───── Source material ─────
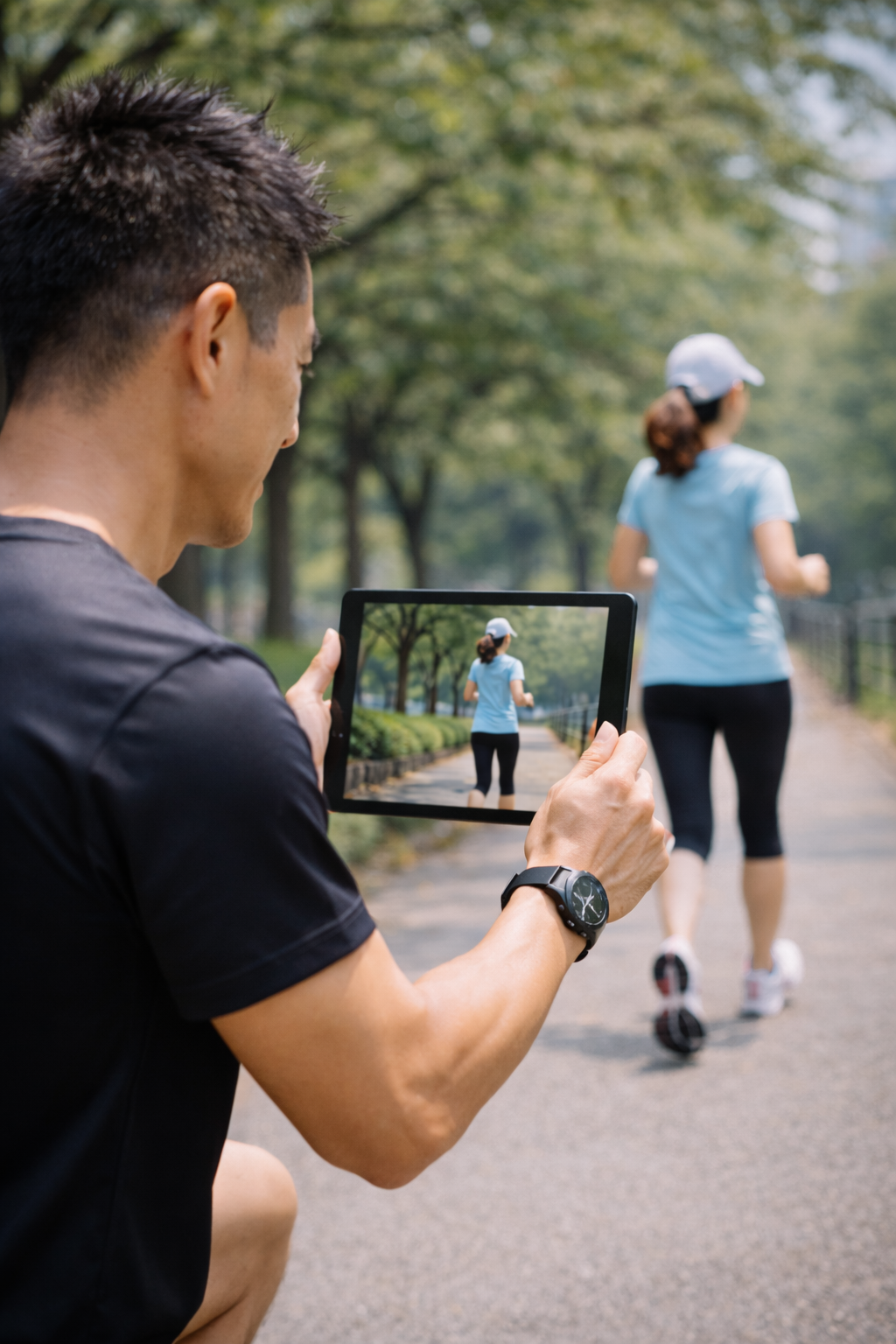 感覚ではなく、“見てわかる”フォーム改善。iPadによる動画撮影で、あなたの走りをその場で可視化します。横・後方から細かく分析し、接地、姿勢、腕振り、骨盤の動きまでチェック。多くのランナーは自分のフォームを正確に把握できていません。「頑張っているのに伸びない」「怪我が続く」原因がフォームにあることも。動画で改善点を明確にし、効率的でケガをしにくい走りへ導きます。感覚任せではない、根拠ある改善を提供します。
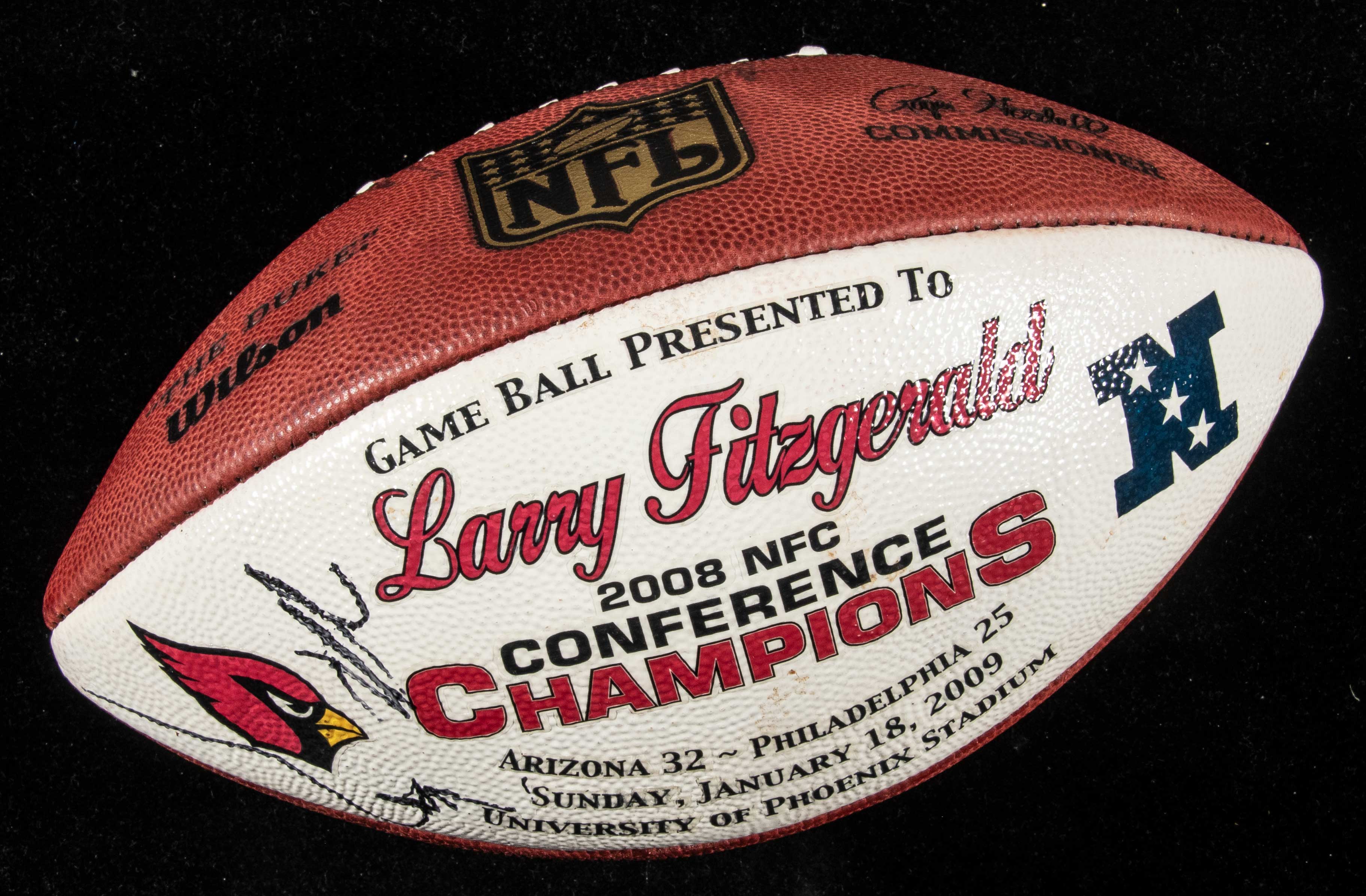 Description:Arizona Cardinals 2008 Conference Champions game ball presented to Larry Fitzgerald. Wilson official NFL football painted "Game Ball Presented To Larry Fitzgerald" "2008 NFC Conference Champions" "Arizona 32 - Philadelphia 25" "Sunday, January 18, 2009" "University Of Phoenix Stadium" (Fitzgerald had 9-receptions for 152-yards and 3-TDs in the game). There are some markings/signatures on the ball possibly of equipment manager or person painting the ball: EX/MT
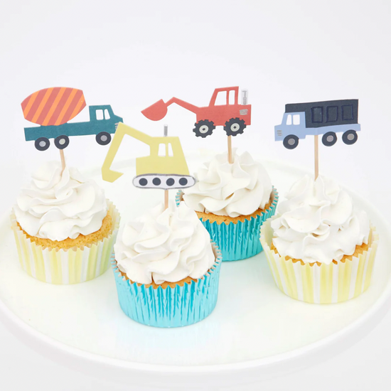 • The kit includes 24 toppers with 4 designs of construction vehicles, with lots of shiny silver holographic foil
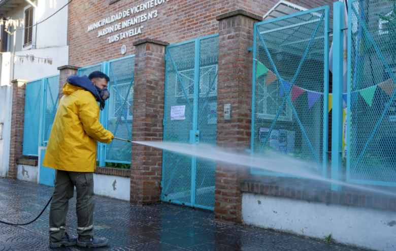 “Higiene Urbana” realiza operativos de desinfección en las inmediaciones del Jardín Maternal N° 7 de Carapachay y el Jardín de Infantes N° 3 de Munro, en el marco del regreso de las clases presenciales.
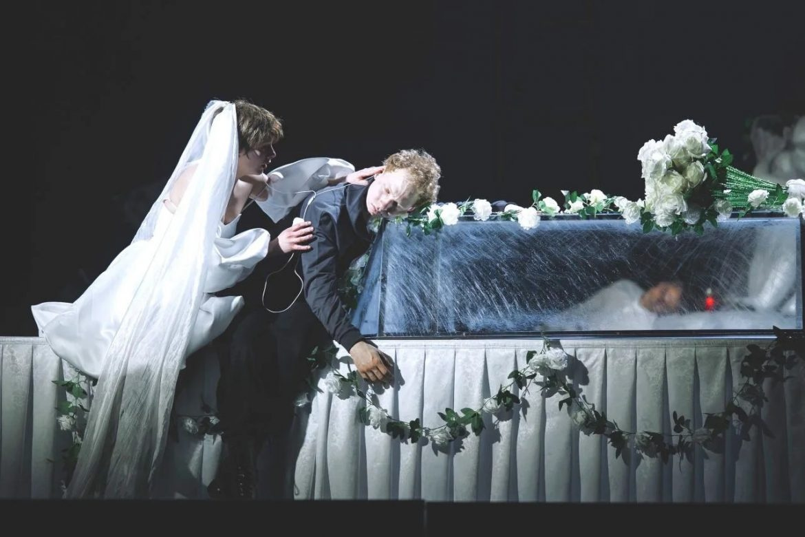 Спектакль вообще можно назвать наглядным пособием по подростковой психологии, с которым не мешало бы ознакомиться каждому родителю и взять себе на заметку. В числе затронутых на подмостках тем — и зависимость от гаджетов (герои даже умирают с наушниками в ушах), и склонность к суицидальному поведению (персонажи не раз «порываются» покончить с собой, оказываясь то с петлей на шее, то с пистолетом у виска), и желание выделиться из толпы (достаточно вспомнить розовые пряди на волосах Джульетты или широкие бесформенные футболки, толстовки и штаны в стиле «оверсайз» — популярный тренд молодежной моды), и раннее начало половой жизни. Да, по пьесе дети Монтекки и Капулетти действительно проводят вместе ночь, но ведь тогда и замуж выдавали гораздо раньше, нежели сейчас. Грубо? Резко? Нелицеприятно? Не то слово! Но это же правда — вся как она есть, без «лакировки», напрасных иллюзий и прикрас.
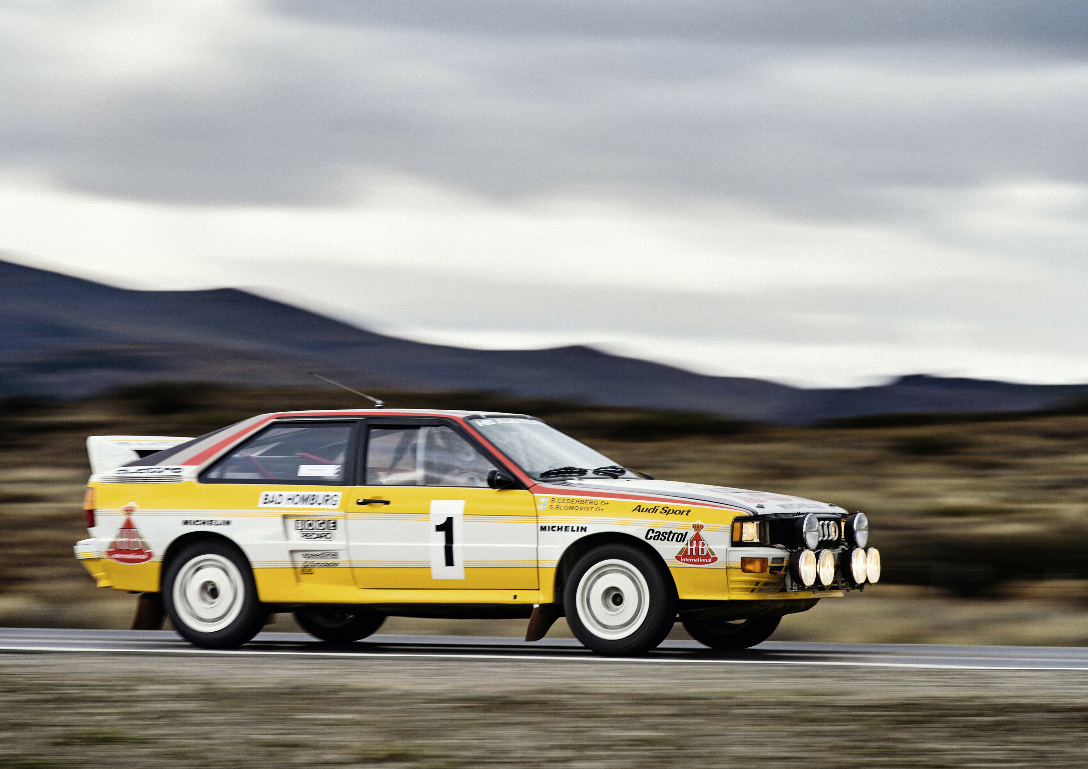 En 1980, l'Audi quattro de route est animée par un cinq cylindres turbo délivrant 147 kW (200 ch) à son lancement. En compétition, la même recette offre à Audi le titre constructeurs en Championnat du monde des rallyes en 1982 ; Hannu Mikkola sera sacré pilote l'année suivante. En 1983 arrive la Sport quattro, raccourcie de 24 cm, élargie et dotée d'un tout nouveau cinq cylindres en alliage léger à quatre soupapes par cylindre. Avec 225 kW (306 ch), elle devient alors l'auto la plus puissante jamais proposée par un constructeur allemand pour la route. La version Groupe B, forte d'environ 450 ch (331 kW) dès ses débuts, dispute son premier rallye en Côte d'Ivoire en 1984, tandis que Stig Blomqvist enlève le titre pilotes au volant d'une Audi quattro A2 de 265 kW (360 ch), offrant dans la foulée un nouveau titre constructeurs à la marque.
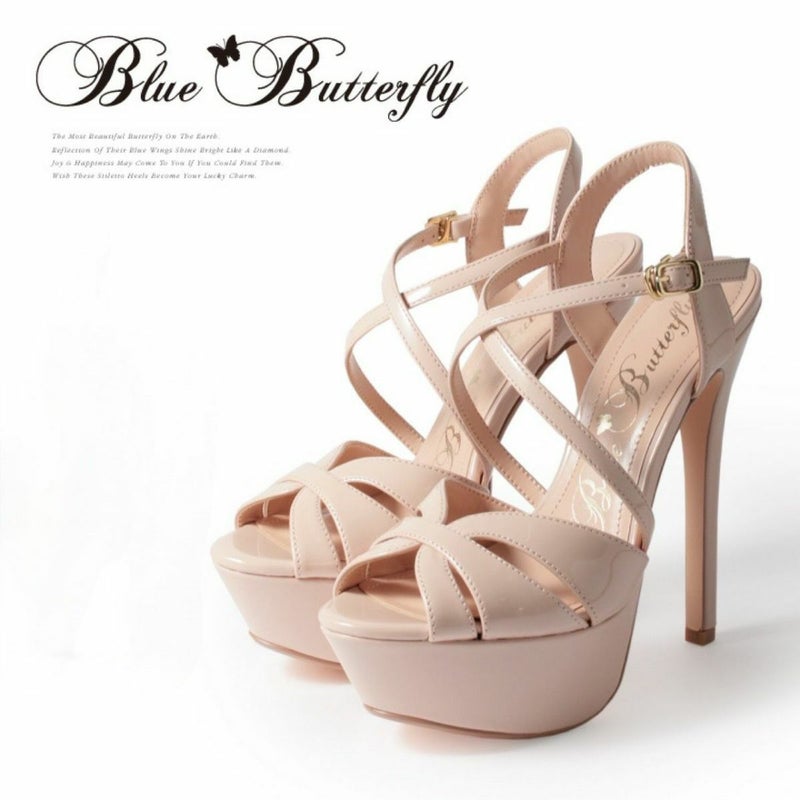 4. SALE [BlueButterfly/ブルーバタフライ] 高級アンクルストラッププラットフォームハイヒールワンカラーパンプス (ピンクベージュ) (16cmヒール)
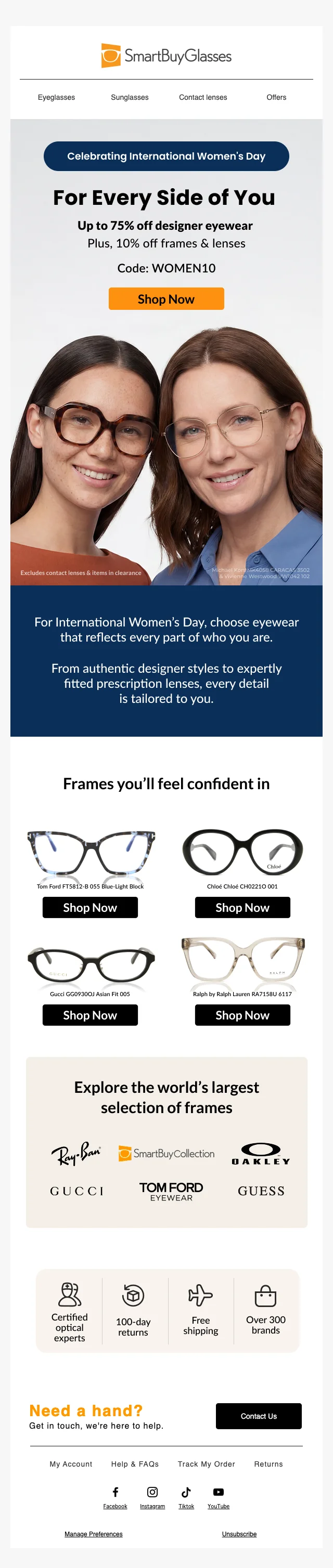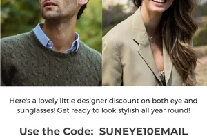 Save 10% across the site on all frames and lenses, lowering the price of prescription glasses and sunglasses. Ideal for upgrading frames or ordering replacement lenses; discount is applied at checkout for a limited time.
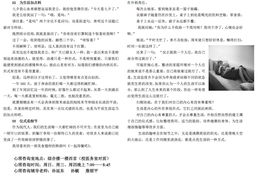 心理咨询时间:周日、周三、周四晚上7:00——8:45
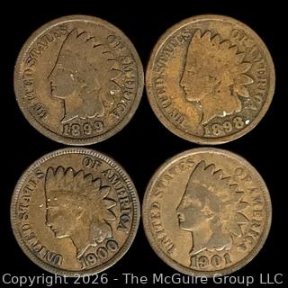 | 0344SM | Four (4) Indian Head Pennies 1898, 1899, 1900, 1901 Coins | $5.00 | 61 | 5 days, 20 hours, 41 minutes | |
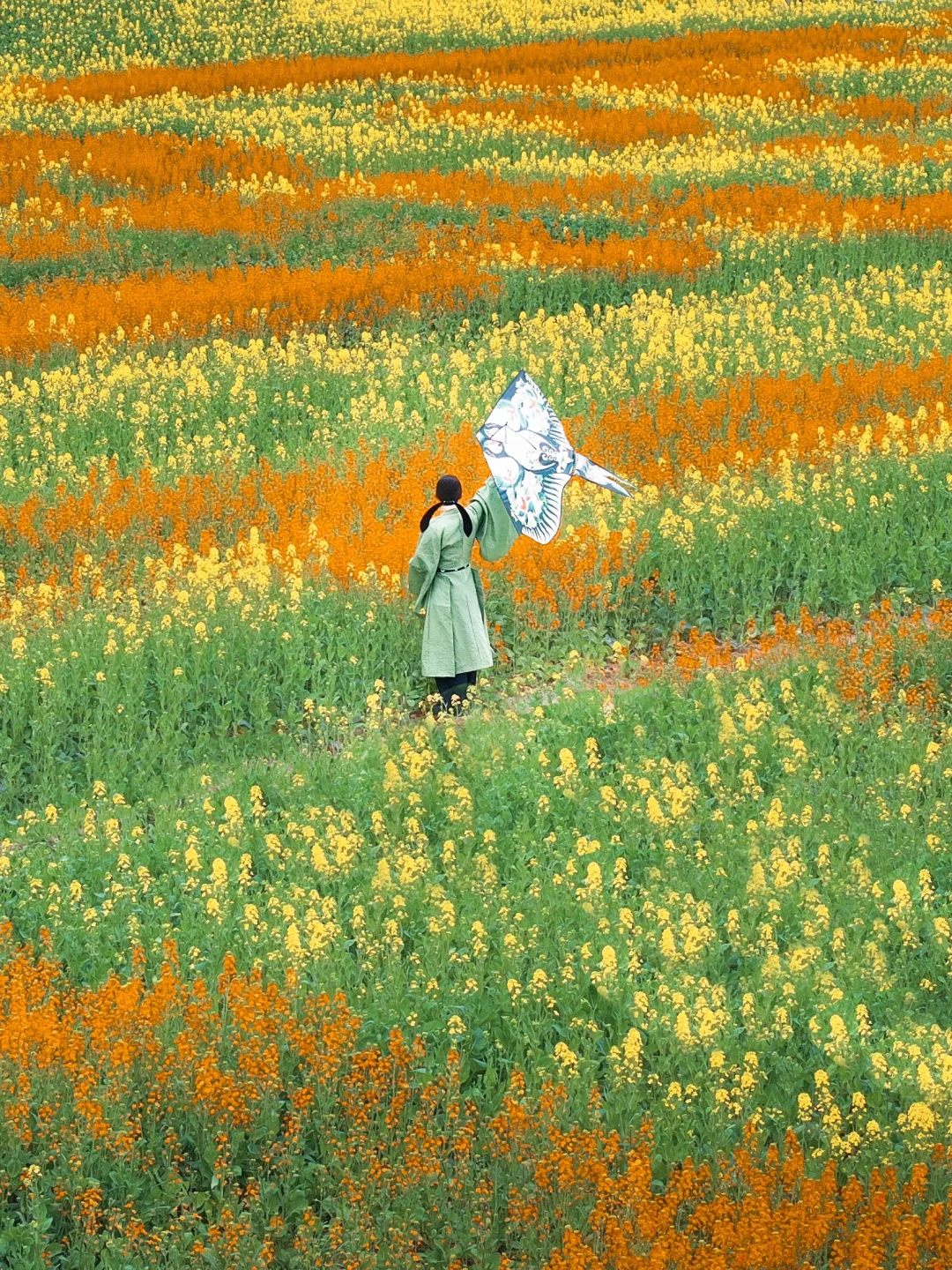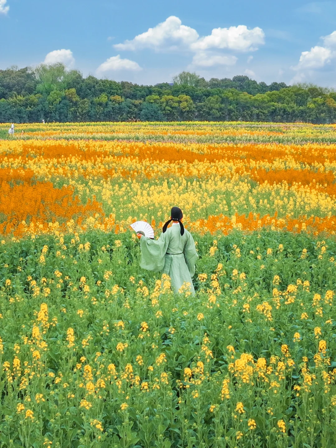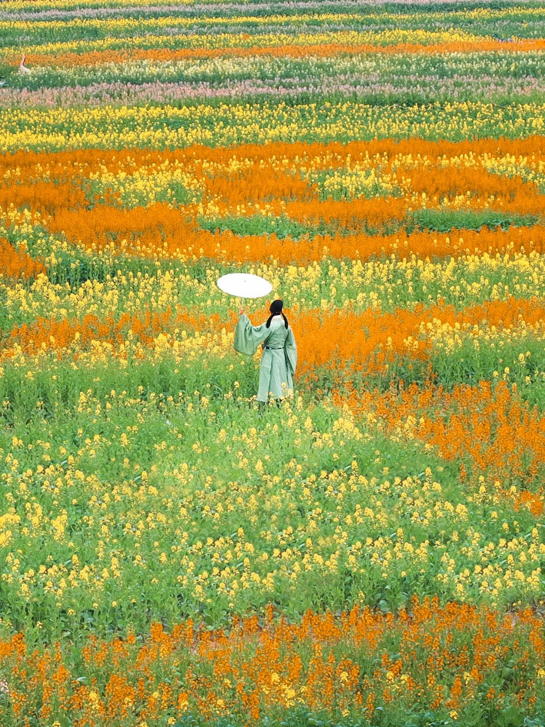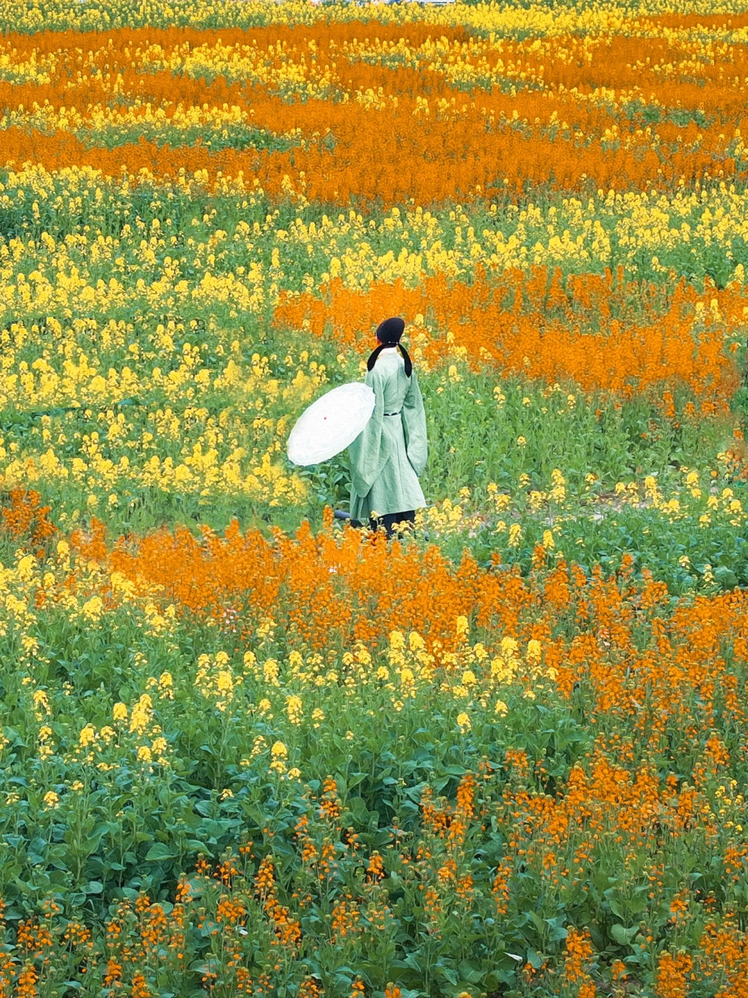 3月下旬至4月,七彩油菜花田如彩虹坠落人间,粉、紫、白、黄交织成莫奈花园,随手一拍即是大片
─────
From the first line of the entries down to the line with "las clases presenciales.", print each line exactly; omit any picture.

**Answer space:**
 感覚ではなく、“見てわかる”フォーム改善。iPadによる動画撮影で、あなたの走りをその場で可視化します。横・後方から細かく分析し、接地、姿勢、腕振り、骨盤の動きまでチェック。多くのランナーは自分のフォームを正確に把握できていません。「頑張っているのに伸びない」「怪我が続く」原因がフォームにあることも。動画で改善点を明確にし、効率的でケガをしにくい走りへ導きます。感覚任せではない、根拠ある改善を提供します。
 Description:Arizona Cardinals 2008 Conference Champions game ball presented to Larry Fitzgerald. Wilson official NFL football painted "Game Ball Presented To Larry Fitzgerald" "2008 NFC Conference Champions" "Arizona 32 - Philadelphia 25" "Sunday, January 18, 2009" "University Of Phoenix Stadium" (Fitzgerald had 9-receptions for 152-yards and 3-TDs in the game). There are some markings/signatures on the ball possibly of equipment manager or person painting the ball: EX/MT
 • The kit includes 24 toppers with 4 designs of construction vehicles, with lots of shiny silver holographic foil
 “Higiene Urbana” realiza operativos de desinfección en las inmediaciones del Jardín Maternal N° 7 de Carapachay y el Jardín de Infantes N° 3 de Munro, en el marco del regreso de las clases presenciales.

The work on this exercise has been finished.